I will be having an exhibition in the small gallery in October this year- it is a cosy space not without possibilities and I will be making work inspired by my morning walks and also creating a chap book ( I hope)- I have been playing with ideas for this, but for now I have to concentrate on the tifaifai book.
In thinking about creating a chap book I did a workshop with
Amy Bodossian last weekend as part of the Latrobe Literary Festival. There were only four of us in the workshop- lucky us- it was so much fun. I highly recommend her workshop ( she is doing a workshop in Melbourne- Brunswick running from June 10 on Thursday evenings there is a link on her website). I also came out with quite a lot of writing given it was a one day workshop and what a delight she is when delivering her own work. Lots of food for thought , it was the first time I had ever done a poetry workshop, and some new poets to explore to boot.
On Sunday we did a water colour workshop out at ARC Yinnar as part of the family health exhibition that is on there at present, with
PolyannaR. We had a lot of fun with that as well, lots of laughter and a few water colour images made. Polyanna's background is large scale black and white photographs and she has made one of the longest photographs around. Polyanna is also opening a small gallery in Morwell in Commercial Road and the opening will be in June with an exhibition of her works.

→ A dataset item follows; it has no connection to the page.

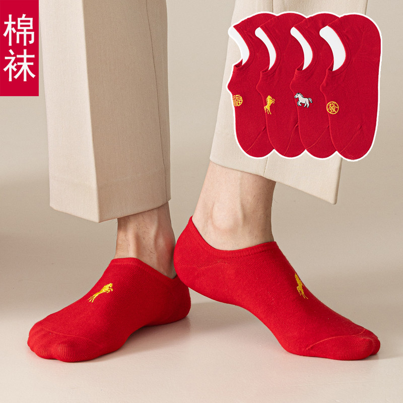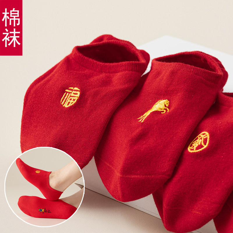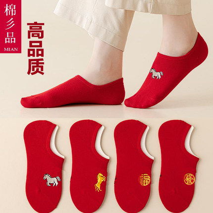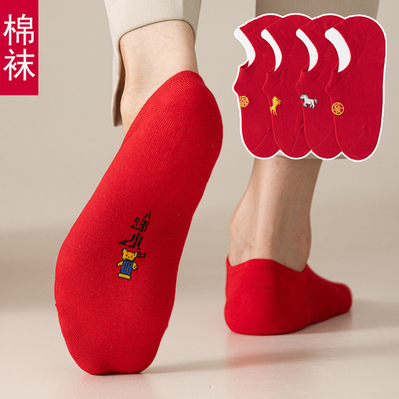 本命年红袜子属马年红色船袜春夏薄款浅口短袜男女情侣袜小人礼物

Been doing lots of reading about walking and writing by all new writers to me but who seem to be touching on writing and ideas i have been engaged in for the longest time . The first book ,"Wanderers" by Kerri Andrews ( reviewed
here ) which is about women walkers over the centuries who wrote about walking. It is fascinating reading and I am in awe of the miles that these women covered on a daily basis and one wonders what foot wear they had available to them and what shape their feet were in after some of their longer walking tours. I am enjoying it immensely and must admit I also obtained a book by Nan Sheperd "The Living Mountain" ( written about
here) which i also enjoyed a lot and was awed by her ability to walk so much at altitude and to write about it in such a compelling way. She walked the Cairngorm Mountains in Scotland all her life.

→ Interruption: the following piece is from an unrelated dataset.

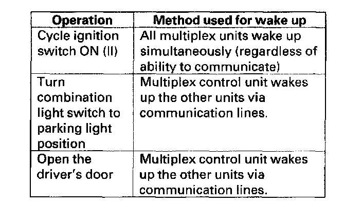Multiplex Wake-up Mode Test1. From the Sleep Mode, wake-up the multiplex system by performing one of the above operations.

And then completely by accident I stumbled across the work of
Kate Zambreno and I am completely absorbed. I am reading "Heroines"- loosely the lives of Vivienne Eliot, Zelda Fitzgerald, Jean Rhys, Virginia Woolf and other literary women who were considered minor (( except Virginia Woolf of course) in comparison to their more famous husbands/lovers ,who discarded them either to mental asylums or poverty where they died at relatively young ages. Entwined in these stories is her own quest to write and to find her way into a writing career. She expresses what I have felt for so many years ( I adore the writing of Jean Rhys and have read all of her books) that the patriarchy continues to control and did control the canon of writing in such a heavy booted way that it is almost criminal. I know in my uni years I felt that DH Lawrence was a mysoginist ( I read most of what he had to write and also biographies etc) and tried to prove it in an essay I wrote in English lit- it was not well received and I went on to study Australian History instead. It also loosely ties into the women writers who walked- whose writing about walking was not received in the same way as the writing about walking by men- and their writing is so different. I can't wait to read "Drifts" her most recent book. In fact I am having to wrest myself away from reading to do some of my own writing...but but...I love a well written book.